:: WORK REQUEST ::
Starting at the line that contains "記者会見するウクライナのゼレ" and stopping at the line that contains "Слайд 12Перед началом", restate each line of the records below exactly. Omit the pictures.

DATA FOR THIS EXERCISE Start Marker

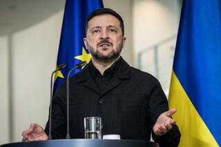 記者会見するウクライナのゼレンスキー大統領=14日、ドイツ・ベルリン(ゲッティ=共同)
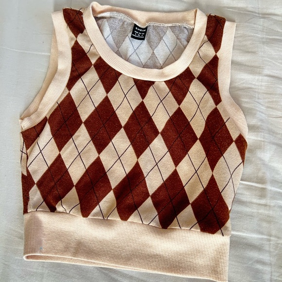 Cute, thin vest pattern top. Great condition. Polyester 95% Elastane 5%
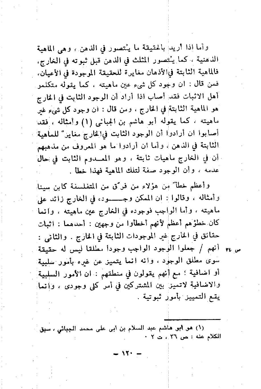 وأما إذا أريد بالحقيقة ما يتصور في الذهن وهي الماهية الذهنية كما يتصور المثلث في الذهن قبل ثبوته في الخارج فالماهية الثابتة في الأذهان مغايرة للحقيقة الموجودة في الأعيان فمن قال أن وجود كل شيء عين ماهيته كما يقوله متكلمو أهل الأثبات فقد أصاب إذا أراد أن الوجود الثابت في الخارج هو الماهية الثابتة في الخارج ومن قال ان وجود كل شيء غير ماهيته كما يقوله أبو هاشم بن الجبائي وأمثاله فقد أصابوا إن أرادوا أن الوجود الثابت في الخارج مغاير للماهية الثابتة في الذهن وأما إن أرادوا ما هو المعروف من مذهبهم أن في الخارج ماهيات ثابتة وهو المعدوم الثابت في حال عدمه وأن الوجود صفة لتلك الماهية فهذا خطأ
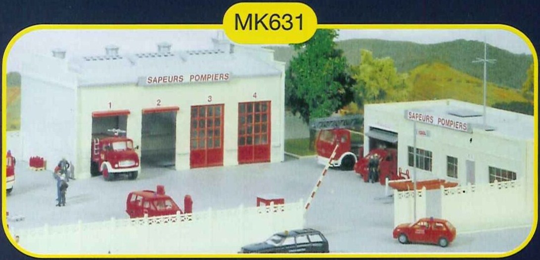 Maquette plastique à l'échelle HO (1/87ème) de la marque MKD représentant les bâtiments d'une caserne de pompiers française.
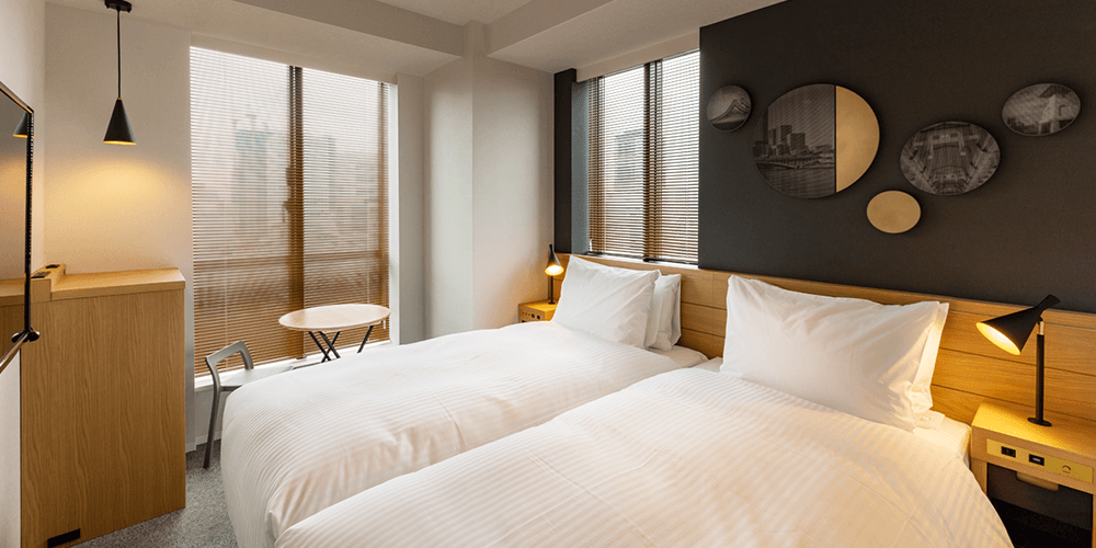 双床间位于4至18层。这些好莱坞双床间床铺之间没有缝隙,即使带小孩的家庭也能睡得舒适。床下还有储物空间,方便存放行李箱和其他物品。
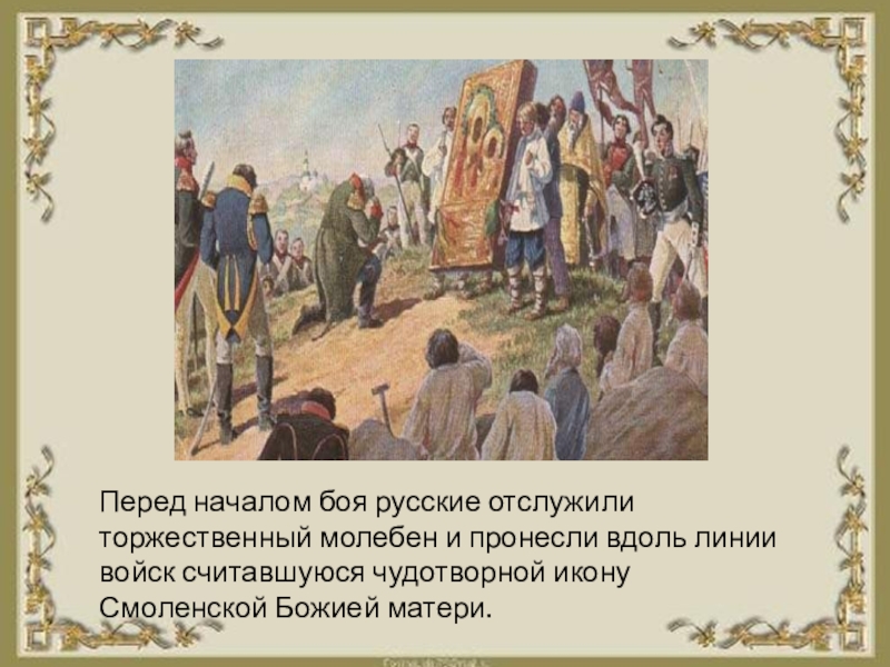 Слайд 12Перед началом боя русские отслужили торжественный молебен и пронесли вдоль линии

DATA FOR THIS EXERCISE End Marker
DATA FOR THIS EXERCISE Start Marker

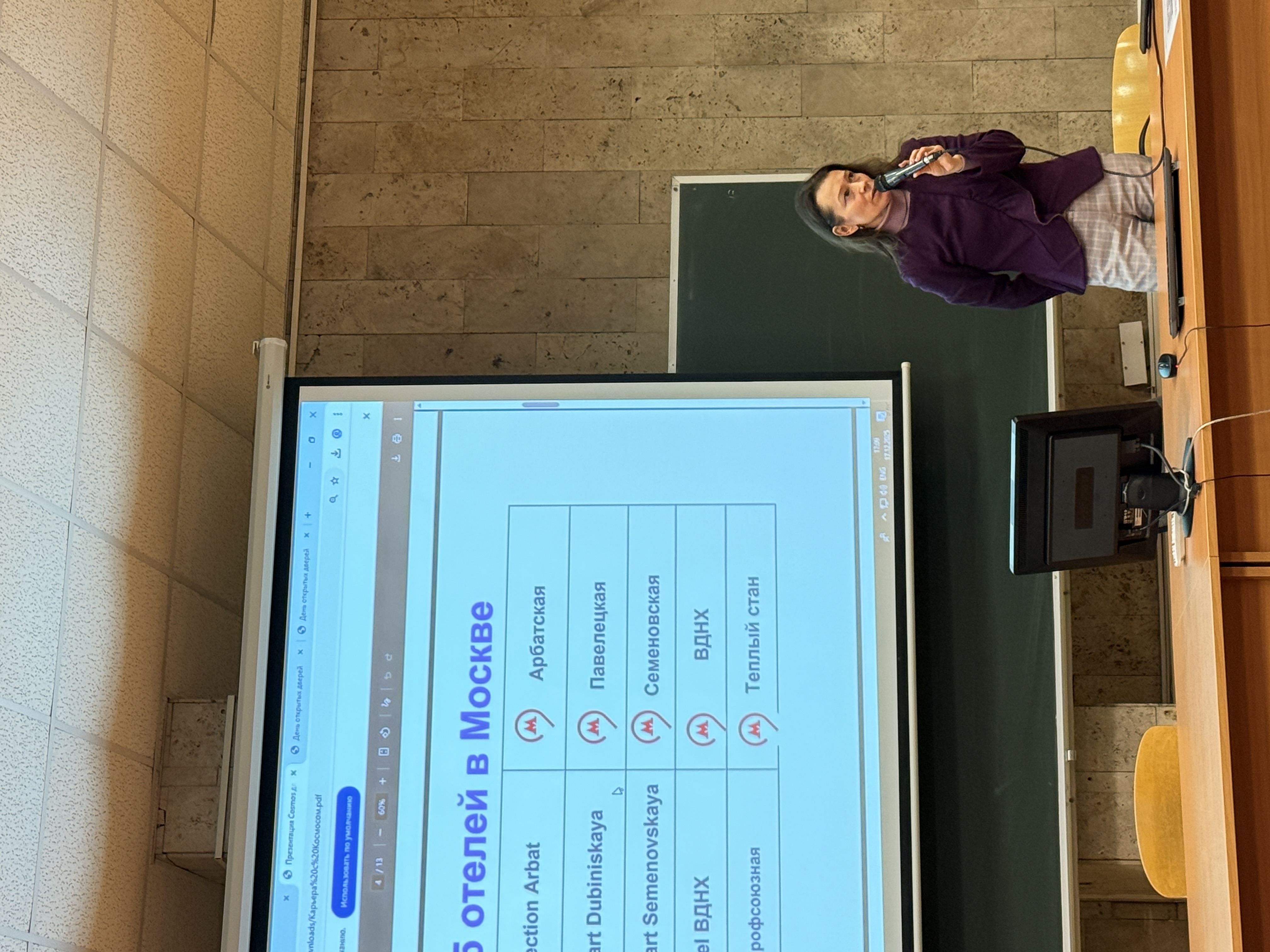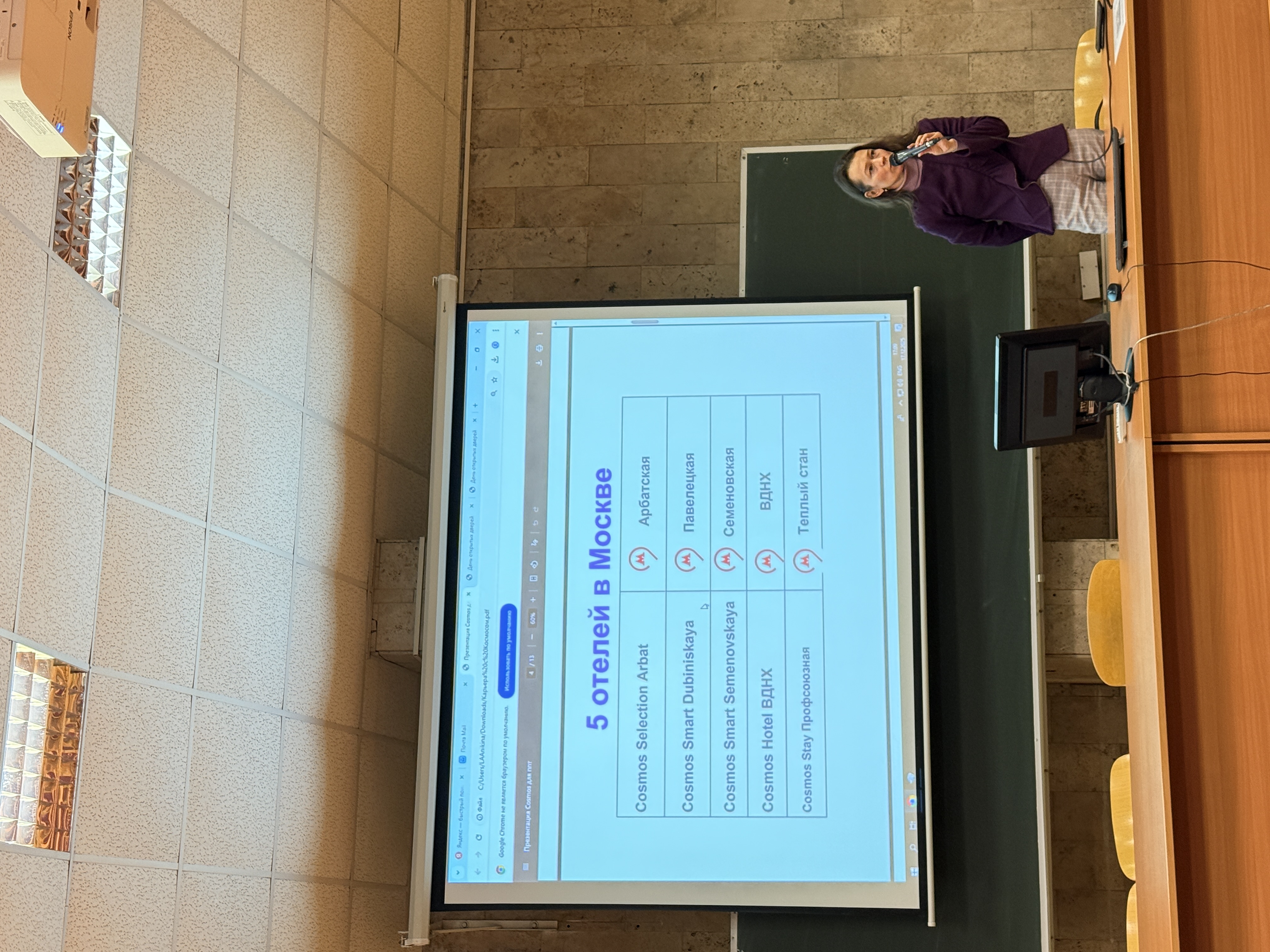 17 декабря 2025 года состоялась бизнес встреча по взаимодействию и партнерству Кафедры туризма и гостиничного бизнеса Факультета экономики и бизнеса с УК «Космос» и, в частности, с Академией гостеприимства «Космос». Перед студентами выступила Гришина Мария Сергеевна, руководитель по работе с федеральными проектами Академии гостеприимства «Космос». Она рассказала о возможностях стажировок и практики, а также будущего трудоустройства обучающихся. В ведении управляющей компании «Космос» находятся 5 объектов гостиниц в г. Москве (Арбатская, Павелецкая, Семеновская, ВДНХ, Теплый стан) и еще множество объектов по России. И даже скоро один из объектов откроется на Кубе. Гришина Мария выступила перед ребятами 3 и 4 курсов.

DATA FOR THIS EXERCISE End Marker

:: RESULT OF THIS EXERCISE ::
 記者会見するウクライナのゼレンスキー大統領=14日、ドイツ・ベルリン(ゲッティ=共同)
 Cute, thin vest pattern top. Great condition. Polyester 95% Elastane 5%
 وأما إذا أريد بالحقيقة ما يتصور في الذهن وهي الماهية الذهنية كما يتصور المثلث في الذهن قبل ثبوته في الخارج فالماهية الثابتة في الأذهان مغايرة للحقيقة الموجودة في الأعيان فمن قال أن وجود كل شيء عين ماهيته كما يقوله متكلمو أهل الأثبات فقد أصاب إذا أراد أن الوجود الثابت في الخارج هو الماهية الثابتة في الخارج ومن قال ان وجود كل شيء غير ماهيته كما يقوله أبو هاشم بن الجبائي وأمثاله فقد أصابوا إن أرادوا أن الوجود الثابت في الخارج مغاير للماهية الثابتة في الذهن وأما إن أرادوا ما هو المعروف من مذهبهم أن في الخارج ماهيات ثابتة وهو المعدوم الثابت في حال عدمه وأن الوجود صفة لتلك الماهية فهذا خطأ
 Maquette plastique à l'échelle HO (1/87ème) de la marque MKD représentant les bâtiments d'une caserne de pompiers française.
 双床间位于4至18层。这些好莱坞双床间床铺之间没有缝隙,即使带小孩的家庭也能睡得舒适。床下还有储物空间,方便存放行李箱和其他物品。
 Слайд 12Перед началом боя русские отслужили торжественный молебен и пронесли вдоль линии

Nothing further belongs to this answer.